1. Visual Processing Gate
The act of moving the eyes over a page from left to right is not a naturally developed trait.  For example, in Israel they read right to left, and in Japan they read in a column.  We teach this process when a child is first learning to read, by having him track with his finger across the page to train his eyes to move in this fashion.  After some practice, this should transfer to the child’s automatic hemisphere.  

 

How do we know if this process has not transferred and is taking too much energy?  

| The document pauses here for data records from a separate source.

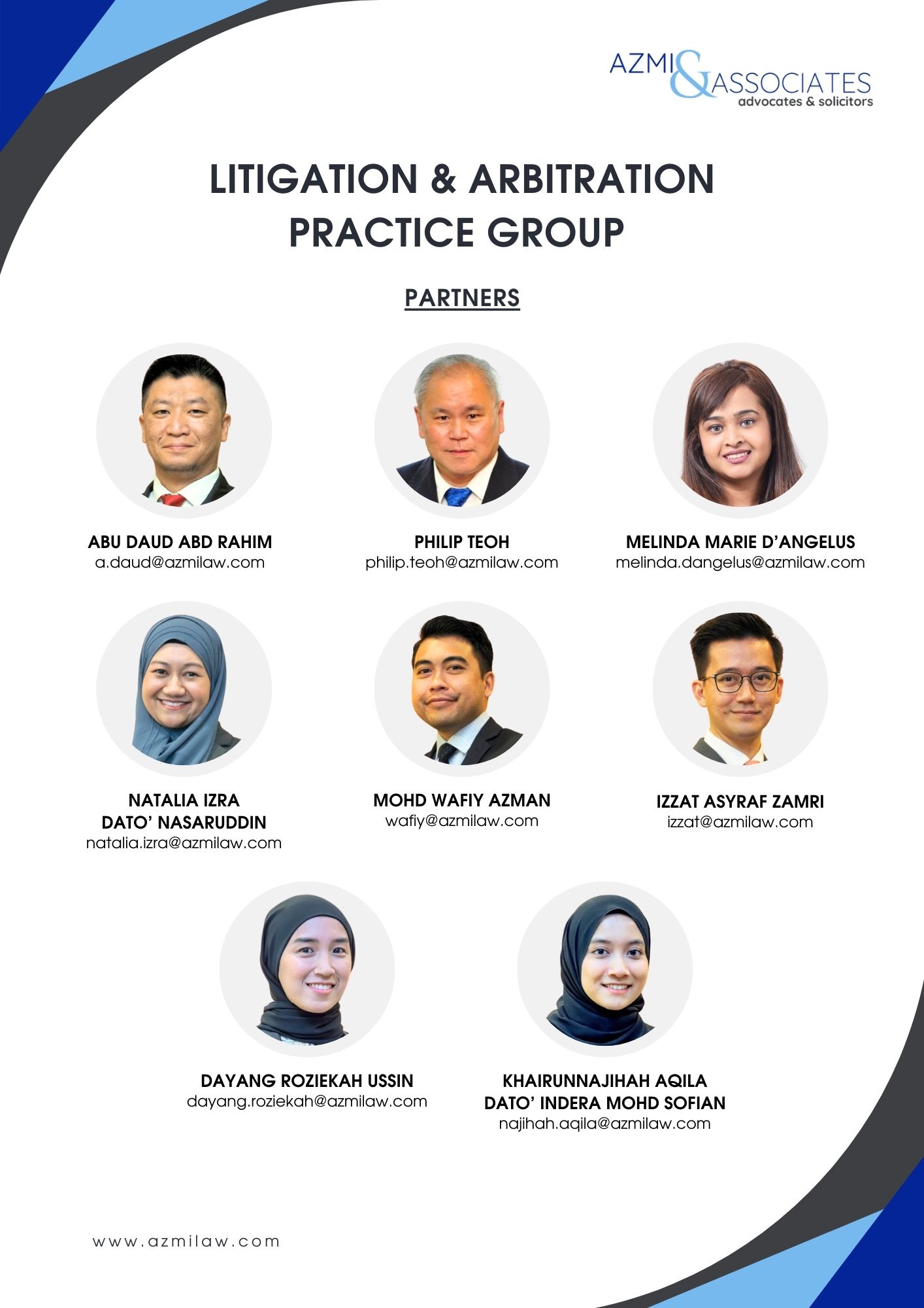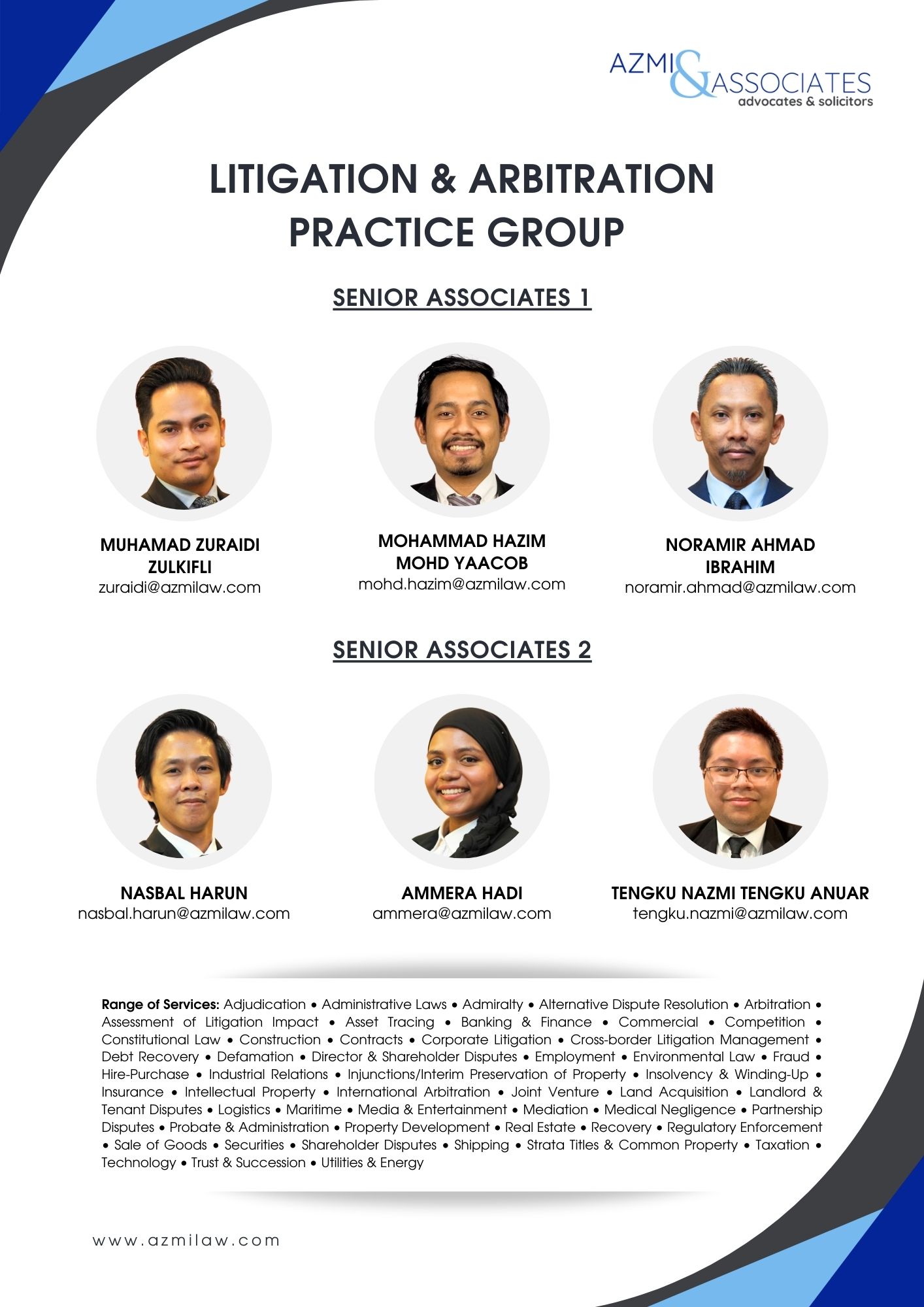 Azmi & Associates is pleased to announce that we have expanded our Litigation & Arbitration team, which now comprises 8 partners, 6 senior associates, 4 managing associates, and 7 associates.
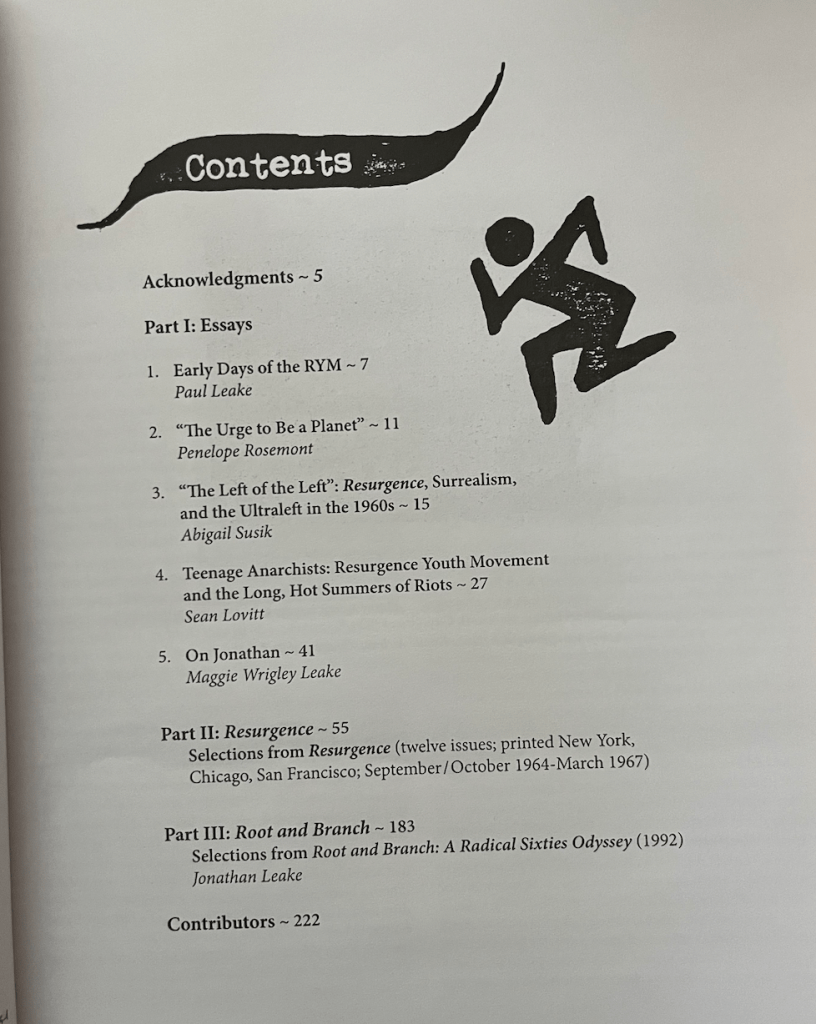 The book is divided into 3 major sections. The first consists of essays that contextualize the Resurgence Youth Movement. Perhaps most relevant and useful for readers of this little blog is scholar Abigail Susik’s essay on the anti-authoritarian left of the 1960s. It it is in Susik’s essay that we learn the neat factoid that the first issues of Resurgence were printed on a mimeograph machine provided to Jonathan Leake by Raya Dunayevskaya after a News and Letters convention (p. 17).
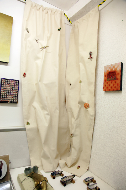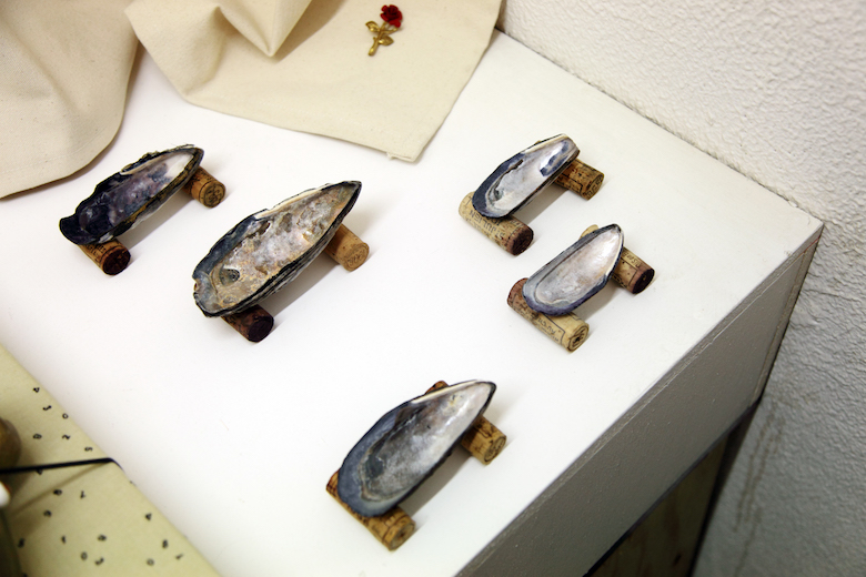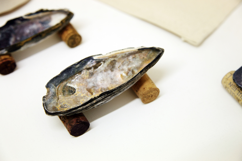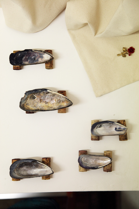 Naoki Sutter-Shudo title : Skr X5 / media : mussel shells, wine corks / size : dimension variable / year : 2017
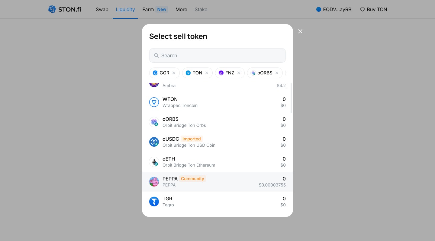 5. Нажмите кнопку "Transfer TON" (TON и PEPPA в данном случае являются примерами, инструкция применима к любым токенам)для перевода небольшой суммы первого актива, после чего подтвердите транзакцию в кошельке. Внимание: эта сумма требуется для инициализации пула и не будет возвращена!
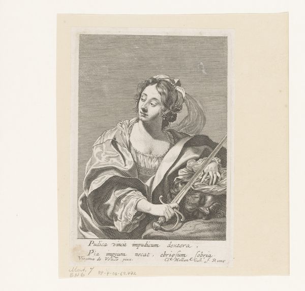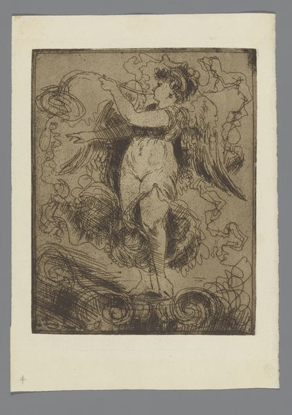 Salvatore Tresca created this print of "Frimaire," sometime between 1750 and 1815. In muted tones, Tresca presents a scene of classical allegory with a figure who embodies the month of Frimaire in the Republican Calendar. The subject is portrayed with a formal elegance, her figure rendered with a balance of curved and straight lines. The composition is structured around her central pose, drawing the eye from the curve of her bow to the dog at her side, and upwards to the sky where a chariot and figures emerge in the sky. She is adorned with the symbols of the hunt and winter, all meticulously detailed in the engraving. Tresca employs a nuanced approach to depth and texture, creating a semiotic interplay where classical form meets revolutionary ideals. The classical composition reflects a desire to stabilize revolutionary shifts within the established aesthetic values of the time. The print, therefore, functions as a site where the old order is renegotiated through new forms of representation.
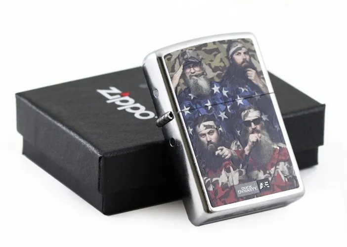 $20.15Zippo 28885 Item Description:The Zippo Lights DUCK DYNASTY P/W/S/J model 28885 brings the spirit of the bayou to your pocket. This genuine Zippo windproof lighter features a detailed, vibrant Duck Dynasty emblem, showcasing the Robertson family's iconic beards and camo. Crafted with Zippo's renowned reliability and durable construction, this lighter delivers a dependable flame in any condition. Perfect for collectors, outdoorsmen, or fans of the hit show, the DUCK DYNASTY P/W/S/J offers a touch of rustic charm and lights your way with Zippo's signature quality. This refillable lighter comes with Zippo's lifetime guarantee.
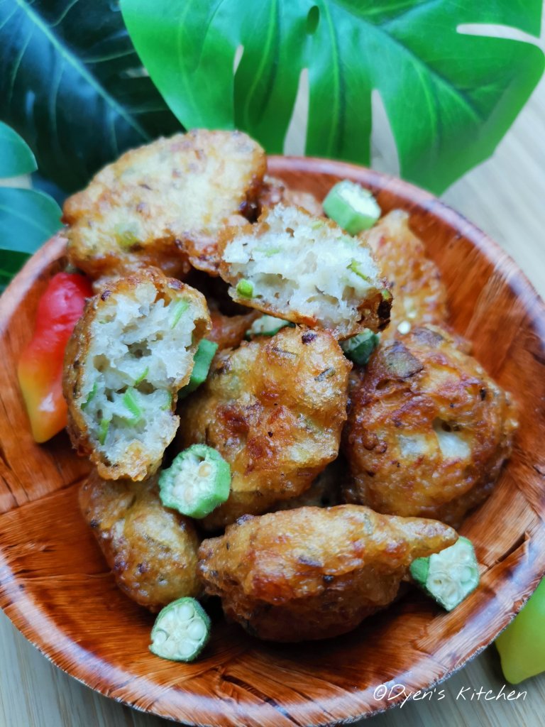 250g de gombos hachés 300g de cabillaud cuit 350g de farine 1 sachet de levure chimique 2 piments végétariens hachés 1/2 c à c de piment en poudre 1 c à c de grain de cumin 1 c à c de thym 2 c à c de sel 1 c à c d’ail semoule Une pincée de coriandre en poudre Une pincée de poivre noir 1 cube de poisson (facultatif) 350ml d’eau
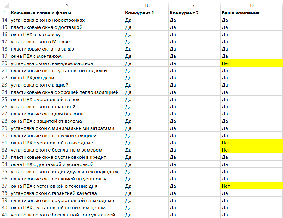 Что это даст: Этот анализ поможет оптимизировать рекламные кампании и точнее таргетировать рекламу на упущенную аудиторию. Составьте таблицу и выделите запросы, которые вы не используете. Добавьте их в свои рекламные кампании.
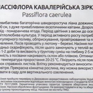 Пассифлора Кавалерийская звезда (Passiflora caerulea). Неприхотливая многолетняя быстрорастущее лиана длиной 300 см, с очень привлекательными экзотическими цветами. Созревший плод — оранжевая ягода. Период цветения с весны до осени. Светолюбивое культура. В период активного роста нуждается в регулярном поливе, опрыскивания, проветривание и подкормки. Посев проводят в феврале — марте. Семена предварительно скарификують, после этого замачивают в теплой воде на 1-2 суток и высевают в почвенную смесь на глубину 2-5 мм. Емкость с посевами накрывают стеклом или пленкой. Оптимальная температура прорастания 20-25 ° С. Пикируют после появления двух настоящих листьев. Летом рекомендуется выносить на воздух. Прекрасная комнатное растение, которое можно использовать в саду для вертикального озеленения.

These are some of the characteristics this child will exhibit:
  • Reading reversals (on=no; was=saw…after age seven)
  • Skipping of little words, but can read longer word
  • Reading begins smooth, but soon becomes labored
  • Older children who can read, but tire easily…yawning shortly after beginning reading.

 

2. Writing Processing Gate
When the child’s visual/spatial skills, or the act of writing, haven’t transferred into the automatic hemisphere, he often looks like he’s “sloppy, lazy or unmotivated.”  His papers are poorly spaced, or he refuses to write much of anything for the parent or teacher. This is the most common learning gate that is blocked in gifted children.  It seems like they are “allergic to a pencil.”  Transferring his thoughts into writing, or just copying something, takes a huge amount of battery energy for this child.  

 

Characteristics of this gate being blocked include:
  • Frequent or occasional reversals in letters after age seven (even if only “once in awhile”)
  • Copying is laborious
  • Poor spacing in math papers
  • Great stories orally, but writes very little
  • Does mental math to avoid writing

 

3. Auditory Processing Gate
A common myth about Auditory Processing is,  “My child has an auditory processing problem because he can’t remember three directions at once.”  This is likely more of a focusing/attention issue.  For example, if we would ask him to ”Go into the kitchen and get a candy bar, a glass of chocolate milk, and a dish of ice cream for you,” the child would likely remember these directions.

 

A child, who is suffering with an Auditory Processing Problem, generally has trouble with reading.  

  

Common characteristics of this gate being blocked are:
  • Phonics sounds don’t stick; no matter how many games you have played.
  • Sight words are hard to memorize…even learning alphabet letter names can be hard
  • Sounds out same word over and over in a story
  • Can’t easily sequence sounds…like months of the year or skip counting
  • Is a “Word Guesser”
  • No phonetic pattern to spelling…doesn’t hear consonants.  “Thursday is Tuesday”

 

4. Focus/Attention Gate
This can be the most puzzling blocked learning gate to identify. A child may look like he has no memory, or a true learning disability, when what is really going on is that this child has to use too much battery energy to remain focused during the instruction, or completing the lesson.  The child may look like he is “paying attention” to your lesson by giving you good eye contact.  However, in his head, he is “two doors down playing with his friend, or in the dinosaur village.”   

 

Here are some characteristics of a child who has to use too much battery energy to remain focused:
  • Inconsistency in performance from one day to another
  • Needs to have someone sit with him to finish work
  • Forgets previously learned work much of the time…seems to have a “memory” problem
  • Can have impulsive behavior…easily getting upset when things go wrong.
  • Sensory Processing problems (little things bother him a lot, like tags on shirts, loud noises, transitions, foods, etc.)

 

Be assured, you do not need to be an “expert, or professional” to make learning easier for your child or student.  In the many articles I have on my website, I discuss each learning gate individually, and show you the corrections that I developed when I taught these wonderful children in my special education classes.  

 

You will see that it is not hard to do.  It just requires some tools, strategies and techniques that you may not be familiar with right now.  

 Bottom line:  Learning does not have to be so hard for your child.